Here’s how four Kolkata youngsters used their quarantine to fund mid-day meals for children

Anniversary special

author_img U.Roy Published :  25th December 2020 11:01 AM   |   Published :   |  25th December 2020 11:01 AM
cards

Personalised cards made for Paint A Meal

Gen-Z has been a step ahead in manoeuvring their way around this unpredictable year, be it with DIY self-care tutorials, virtual social clubs or something handier. Vidula Agarwal, along with her friends Aadya Bhartia, Saumya Bhartia and Vidhishree Agarwal have worked together on a series of stay-at-home pop-ups and virtual art room and market that brings homegrown labels under one platform to fund mid-day meals to children from welfare schools. “We are providing mid-day meals to NGOs which take care of underprivileged kids. The NGO-run schools shut down amid the lockdown obviously, so we are attempting to feed them nevertheless via creative means,” Vidula tells us. 

Lehar For Change or Paint A Meal is hosting several virtual pop-up style exhibits where they showcase products from local lifestyle, food and wellness labels. You can DM their Instagram page for catalogues before you make a purchase and all the proceeds collected will go to charity, specifically towards the mid-day meal initiative. “We started out on a small scale, with handmade cards and after a point we realized that people have stopped buying cards as much as they used to. So we shifted to food pop-ups with a line of home-made desserts and savouries, everything was made at the homes of two of our founders. We started getting a lot of requests from people who wanted to contribute food, and then we ventured into the lifestyle spectrum since everyone was so keen to help out,” Vidula shares. 

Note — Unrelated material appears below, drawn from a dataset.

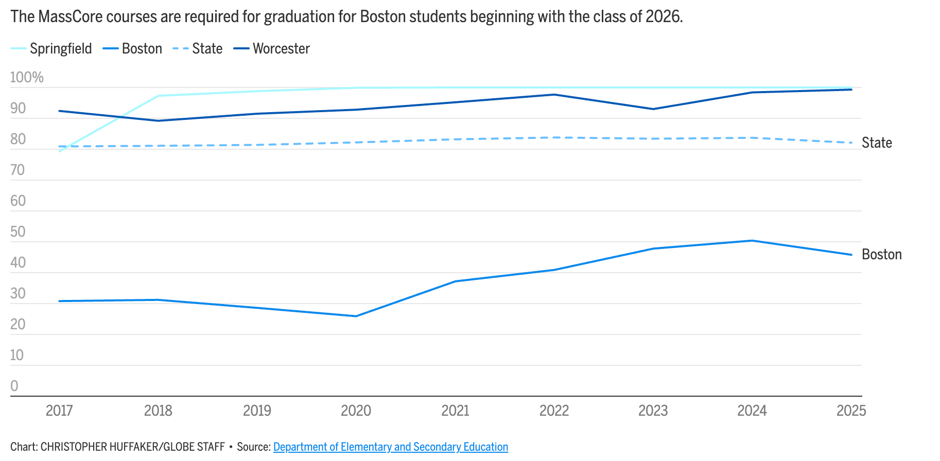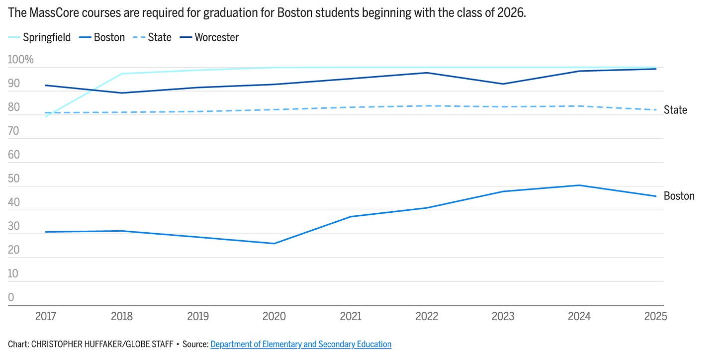 The initial budget presentation was not the only topic of Wednesday’s Boston School Committee (materials here). The district’s long, winding road to adopting MassCore - a state-recommended coursework for college and career readiness - will continue. Faced with 1 out of 3 BPS students possibly not qualifying for graduation, the requirement will be waived.

A food pop-up by Lehar for Change

The concept behind Paint A Meal is not just functional but also involves a multi-pronged approach. It basically outlines newer ways to maximise the convenience of the virtual market space. “It was quite organic and random, the way it happened, since we’re studying in the US (I’m studying finance in New York University), we were all in Kolkata since colleges stopped hosting classes and moved online. We basically wanted to do something with our time that would help people out,” Vidula remarks. 

For their September pop-up, for instance, the initiative brought together a local home kitchen called The Baker’s Box, lifestyle label Pottery By Aanupamaa G Jalan, creative labels like Letters By Ame and Art Room which offered everything from personalised lettering artwork, calligraphy services, online workshop, curated art parties and a lot more. Vidula’s last initiative Piece By Piece was also anchored by a practical, ingenious solution to help those in need. “We collected unused fabrics and scraps and we collaborated with an NGO which provides vocational courses to women and they stitched the pieces as part of their training,” we are told.